Studies of molecular biomarkers of susceptibility have found some gender differences in baseline cytogenetic markers and DNA adducts, particularly with regard to tobacco and lung cancer. Researchers found race-but not gender-related differences in the frequency of polymorphisms in genes related to Phase I metabolism, which activates procarcinogens into carcinogens. However, females do have a higher incidence of polymorphisms in certain genes related to Phase II metabolism, which has a role in detoxifying or eliminating carcinogens, and in the p53 tumor suppressor gene. Collectively, these studies show clear gender differences in both susceptibility and the frequency of markers of susceptibility, with racial and ethnic differences among women with regard to

markers. In particular, they also suggest that women have a higher susceptibility than men to lung cancer following exposure to tobacco.

DES has been used as a model of environmental estrogen, and there are reports of reproductive abnormalities in the male offspring of DES subjects, but there has been little tissue-specific study of the effects on the male. It may be that there are "windows of susceptibility" during development, and new studies will address susceptibility at different stages of pregnancy. In general, males appear to be less sensitive to estrogenic compounds, at least initially, but they have a very steep dose-response curve and an abrupt response at higher levels. This may be because androgen is protective in the male, whereas estrogen exaggerates adverse effects.

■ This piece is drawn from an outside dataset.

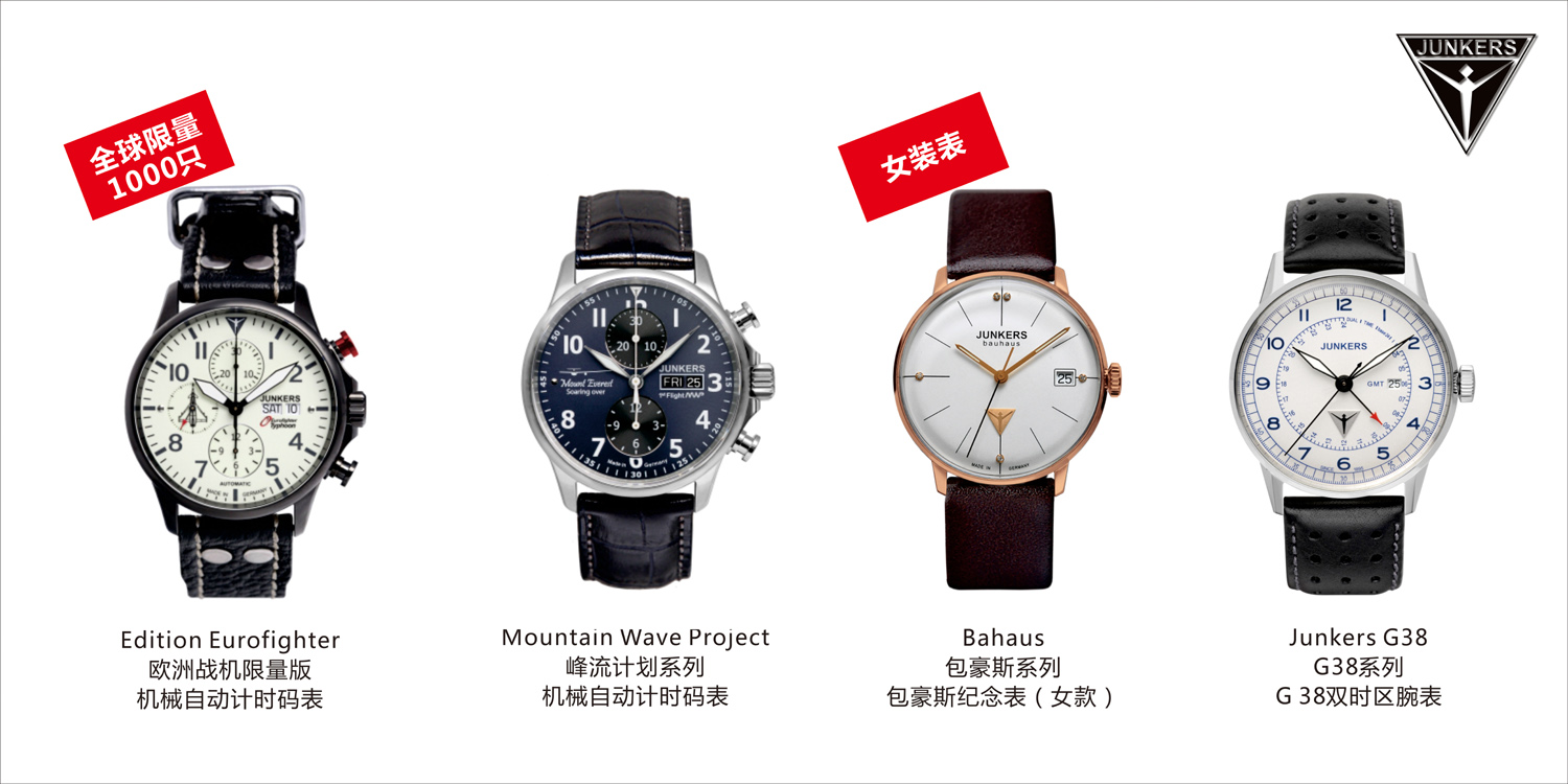 德国制造的Junkers腕表, 每一只都体现传统匠人精神、精选材质、复杂技艺、持久耐用以及和德国风格永恒经典的设计。如荣克表品牌创始人Wilhelm Berk先生指出,从一开始Junkers就致力做脱颖而出,并集独特设计、高性价比、优异品质于一身的德国制造的腕表。同时,也为了向荣克先生致敬。他一生所身体力行的历史责任、品质和创新精神等价值观,如今已经成为其发展的奠基石。德国Junkers腕表由欧格尔(OGEAR.NET)公司引进,以上新品现正在欧格尔旗下“欧洲胡同”零售店热卖。

This review suggests five areas where further research is needed:

1. inclusion of women in occupational studies and further identification of environmental risk factors;

2. further clarification of gender differences in frequency of known markers of genetic susceptibility;

3. evaluation of steroid receptor variants and susceptibility to environmental cancers;

4. vigorous application of animal models to study underlying regulation of environmental carcinogenesis; and

5. identification of biological causality between genetic susceptibility markers and gender-related human cancers.